Monday, January 13, 2014

Is Windows a good development platform?


    I've had a conversation with my colleague couple days ago about is Windows a good platform for development or not. I was frustrate with some of MS software at that point, I was arguing that even though developers are the power of Windows as a platform, they were never treated as good, as in Linux (or Mac now).
    On one hand, Windows has arguably best in class IDE for C/C++, C#, Visual Basic - Visual Studio. Note, it's only three out of dozens of main stream languages. And by been closed to external expansion - they didn't implement system like Eclipse, where others can add support for other languages. Now, is that would add a lot of work for MS developers - not really, if they architected VS in the right way - it's already pluggable system (they have number of different languages, with different syntaxes - it just makes sense to have abstract system, where each language is an add-on), so it's just a matter of sharing this API (and yes, supporting it in next versions).
    Having different programming languages in Visual Studio brings me to next step - you project configuration and build scripts. Each project is not just a set of files with code, but also what compiler to use, flags for the compiler and linkers in different configurations, external libraries and resources required and etc. Now, Visual Studio organizes all this in XML file, which presumably is human readable and editable (XML is not a good format for this anyway - too much text is just too much text). But compare a 4 configuration setup, when in that XML you will have 4 sections of pretty much the same text, except may be couple flags absent or present and CMake, where it's organized as common block and if blocks with specifics of each configuration. Now when you want to edit only release - you will need to go through two same blocks and find what you need in a pile of options, or find appropriate if RELEASE and change options there. This continues with external libraries and etc (it's really pain adding an library even from Visual Studio, because you need to remember to select all configurations, as if adding library to only one is a default case everybody needs).

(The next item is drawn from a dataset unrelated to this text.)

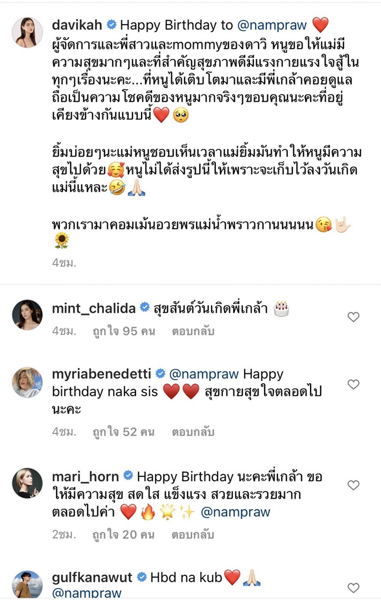 "Happy Birthday to @nampraw ผู้จัดการและพี่สาวและmommyของดาวิ หนูขอให้แม่มีความสุขมากๆและที่สำคัญสุขภาพดีมีแรงกายแรงใจสู้ในทุกๆเรื่องนะคะ...ที่หนูได้เติบโตมาและมีพี่เกล้าคอยดูแลถือเป็นความโชคดีของหนูมากจริงๆขอบคุณนะคะที่อยู่เคียงข้างกันแบบนี้

    Ok, for example, we got our C++ project up and running and checked into repository. Called up a colleague and asked to add a feature to it... Oh wait, they just got a new machine and need to install environment. Can we help him somehow? Not really, only give bunch of links to download ton of software and wait until they click through hundreds of wizards. Note, that we just need a (clean) clone of our environment on different machine, but there is really (except using VMs) no way to just give him a setup script, that would install everything automatically. Hey, that's a day he will not be able to return to his life.

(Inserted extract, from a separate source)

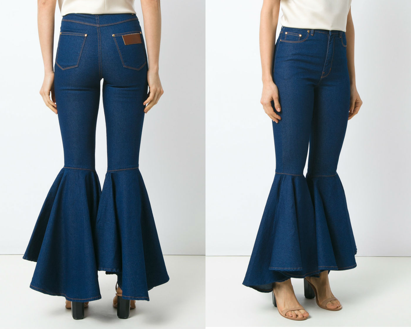O modelito de Eliana é comprido e justinho ao corpo, mas dos joelhos para baixo possui uma barra bem volumosa, plissada e levemente assimétrica. A peça de cós alto também possui bolsos frontais e posteriores.

     So our colleague installed everything, but our project doesn't compile on his machine. He looks and finds out that he installed third party library of incorrect version and to incorrect path. Because it actually asked where to install it - why there is no specific place, where libraries are installed? And yes, we didn't specify version, because how would we do it - only add version number to the folder it's installed, again manual and pretty complicated to keep track and update later. Simple install script, that would install required versions would save time and make sure of appropriate version and place. Now we institute a special place for libraries to be put or even include them in repository to make sure versions are the same for everybody and go on, but feeling that this OS doesn't know what any developer will need still left.
     Switching gears, we were asked to write a web scrapper. Of cause you can try to do it in C#, but that will be overkill - number of lines of code you will write is just insane compared to scripted languages. So our choices are Perl and Python. We go with Python - and again everything starts - download Python, install by clicking on a wizard. This time no Visual Studio to back you up - so open Notepad... oh, wait, the default editor is just nightmare. How for the love of god default editor can be that bad? Anyway, download Notepad++ (again wizard, click-click, time is passing by). Python has great system to install required libraries, which in Linux/Mac works like a charm. It works in Windows, until you need to compile some C/C++ code for it. How is it possible that no one man figured out how to compile programmatically their code when Visual Studio installed from Python. It works well with GCC, but I've tried multiple times, including figuring out code that does compilation with Visual Studio and failed to configure it right. No, there is precompiled packages you can download and install (wizard, click-click) and from what I understand they are compiling them with MinGW (prove me wrong).
    Client who asked about web scrapper - asked to save everything to MySQL database. We need to install it (you know it - wizard, click-click), we need to configure it (UTF8 by default, different port and etc) - quest to find where configuration file is, because who looked at where that mysql asked us to install itself. Ok, now how is our colleague or where we deploy our code will have same environment? Again, write a document where to download everything, and attach a config file to that document.
     Concluding, both *nix and Windows platforms have their positive and negative sides. Linux has a lot of development awareness just because developers is a huge user base, and any developer can have a say at how it should be. I wanted to point out that Windows, as OS should be much more aware of this issues and open to help developers to do their job better and easier, and in result spread MS products. Instead, by been not really helpful in a lot of this details it repeals them. Now days, Mac OS by been easy to use from one hand and actually having a lot of Linux flexibility (*nix file system, bash scripting, MAC ports and Homebrew to install packages) grows as a primary platform where development is been made. Of cause another trend is developing web application, when you just connect to a server and write code there. Windows by having only graphics remote desktop requires much higher bandwidth, which not always available. In result, it's Linux who shines, by providing powerful text-based IDE in addition to great development environment.